Llevó el utilitario hasta la entrada y salió del aparcamiento. Pisó el acelerador hasta conducir unos veinte kilómetros por hora por encima del límite permitido en su camino de vuelta a casa. Estaba impaciente por abrirse paso hasta el estudio donde se almacenaban las cosas de Tara Atwater.
Puede que finalmente descubriera algo sobre la chica desaparecida…
Se dio prisa en aparcar y subió corriendo los escalones hasta llegar a su apartamento. Una vez dentro, se quitó rápidamente el uniforme de trabajo y lo arrojó a su bolsa de ropa sucia.
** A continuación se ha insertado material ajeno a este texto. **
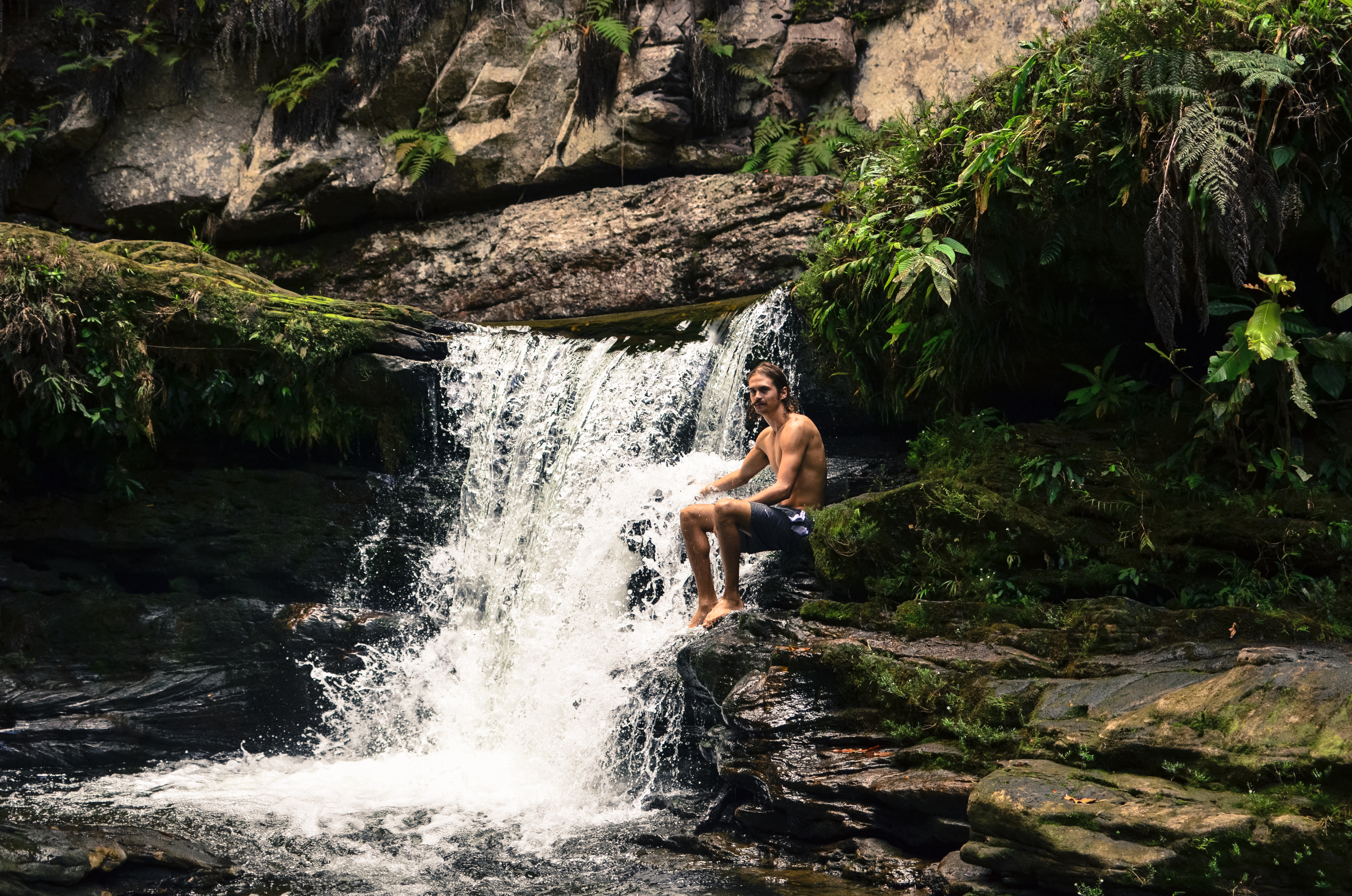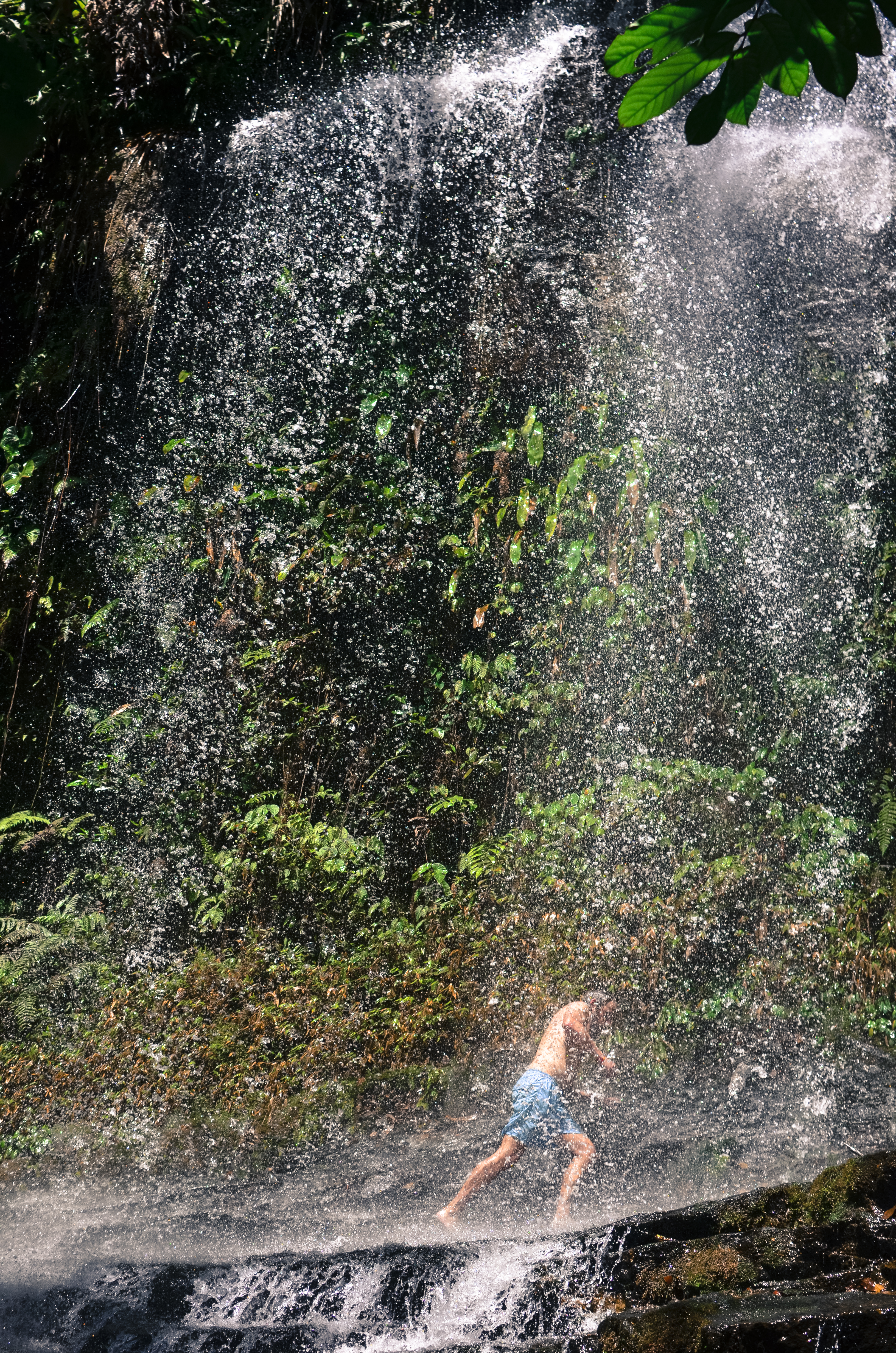 The temperature dropped about 15 degrees as we approached the large falls. There had been lots of rain the night before (one of the loudest thunderstorms I’ve heard) and the volume of water was absolutely bursting off of the cliff. The force of the water falling created a constant wind full of moisture that pulsated rhythmically like a old engine idling. The spray kept blurring my lense, and in order to grab any sort of image I had to set up, wipe the lens, and quickly snap 1 shot before repeating the entire process over again. Stefan decided to try and walk behind the falls, and disappeared shortly afterwards. I followed suit, but noticed that the closer I became to where the falls met the earth, the windier and more intense the air became. One slip would send me into a wall of water pounding down into either rock or water, I couldn’t tell. I bailed on the idea altogether, and saw Stefan appear on the other side with a large smile. We played in the water for a short while before heading back home to prepare a large vegetarian feast.

También metió dos paquetes de detergente, la cizalla y una linterna; luego se puso unos vaqueros y una sudadera. Tras calzarse un par de zapatillas de tenis, comenzó su misión.
Estaba tan nerviosa como un gato; su estómago se encogió al bajar los dos pisos antes de abrir la puerta del sótano y conectar las insuficientes luces.
De noche, el subterráneo habitáculo bajo el edificio era incluso más impresionante; los rincones y recovecos eran más oscuros y tenebrosos. Ninguna de las lavadoras se movía, ni las secadoras calentaban o giraban.
Bien.
Con cuidado, consciente de que alguien podría bajar las oscuras escaleras en cualquier momento, Kristi extrajo la cizalla y la dejó en el suelo, junto a los contenedores de rejilla metálica, después separó rápidamente su ropa y puso en marcha dos de las lavadoras.
Mientras los aparatos comenzaban a llenarse de agua, agarró la cizalla y examinó los contenedores. Todos estaban claramente marcados y cerrados, uno por cada estudio y dos adicionales. Uno de estos últimos contenía material de jardinería y herramientas, obviamente para utilizarse en el edificio de apartamentos; el otro estaba lleno de cajas. Kristi iluminó la rejilla con su linterna y vio el nombre de Tara Atwater garabateado sobre ellas, junto con la fecha del trece de noviembre, un mes después de que a la chica la declarasen desaparecida.
– Suficiente -se dijo, y se puso manos a la obra.
Desgraciadamente, Randy, el machista con mentalidad de hombre de las cavernas, estaba en lo cierto. Usar la cizalla resultaba difícil. Consiguió poner las hojas alrededor del cierre, la pieza de metal que sujetaba el candado a la puerta, pero no tenía la fuerza suficiente para que el maldito cacharro lo cortase.